The program is here (you might need a proxy which pretends you are in the UK to listen) - I have a downloaded MP3 version.

BBC iPlayer - Costing the Earth: Berlin's Big Gamble

Quote:
It's an environmental experiment on an unprecedented scale. Germany's political parties have agreed to close the country's nuclear power stations and slash its use of coal, oil and gas.
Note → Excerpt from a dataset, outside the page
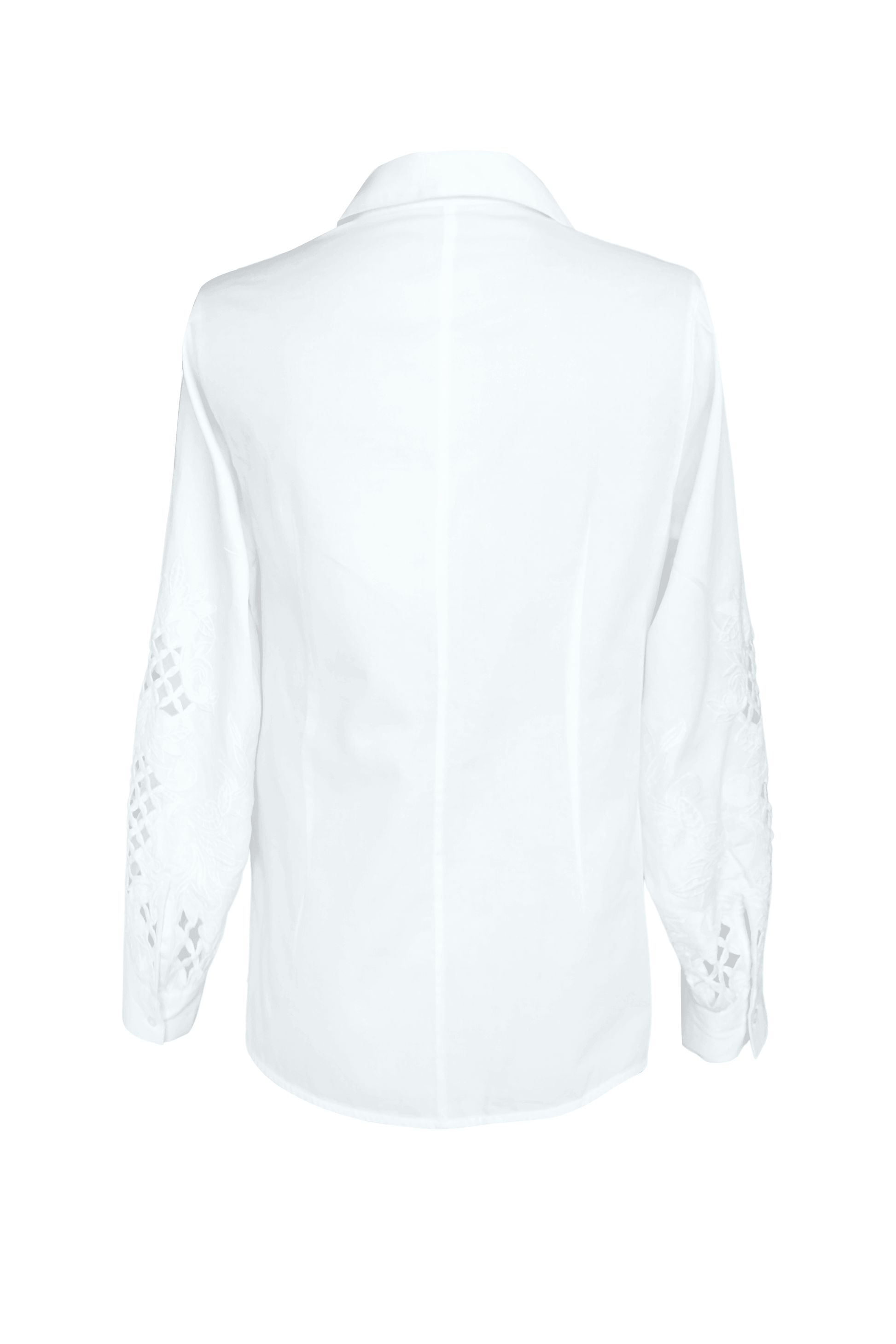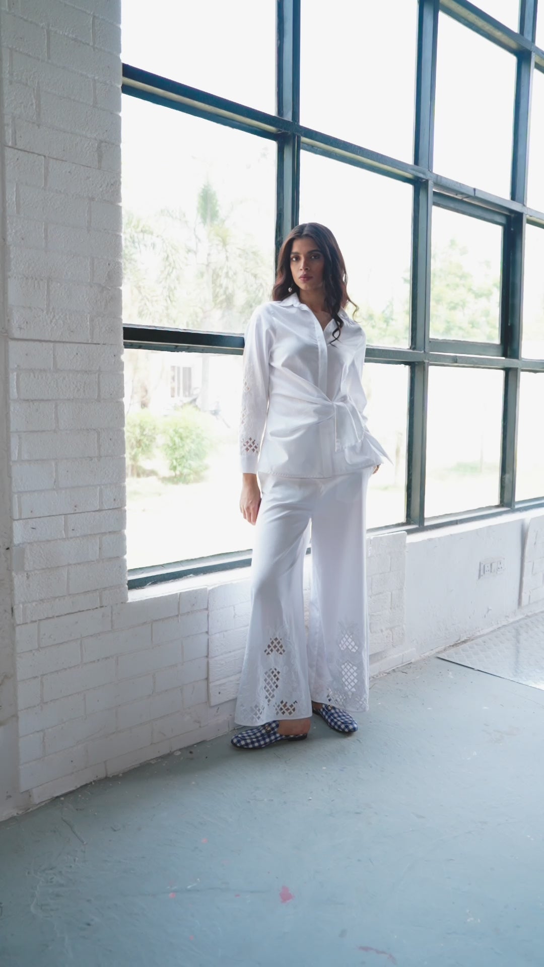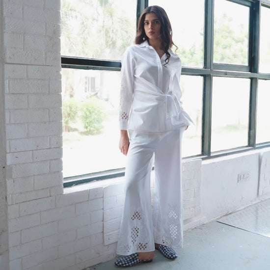 White cotton poplin full sleeve button-down shirt with a self-tie knot on the side. Placement tonal cutwork embroidery detail on the cuff of the sleeves. Regular fit.

But can the industrial powerhouse of Europe really continue to churn out the BMWs and Mercedes on a meagre diet of wind and solar energy?

In the first of a new series of 'Costing the Earth' Tom Heap travels to Berlin to meet the politicians of right and left who share a vision for a green Germany and the industrialists who fear that blind optimism has replaced logic at the heart of government.

Tom visits Feldheim, a tiny village that produces enough wind power to run a city and talks to the activists who plan to take over the entire electricity grid of Berlin and run the capital on alternative energy. Their enthusiasm is infectious but could the reality be power cuts and the departure of the industrial giants to the US and the Far East?

The stakes are high. If the plan they've christened the Energiewende, or energy transformation, succeeds, then Germany will have created a low-carbon model for the UK and the rest of the industrialised world. If it fails Germany could lose its place as an economic superpower.
It will also be interesting it they mention how this is supposed to power German industry (steel, aluminium, cars, trains etc.) and also whether the generating infrastructure is locally made or from China.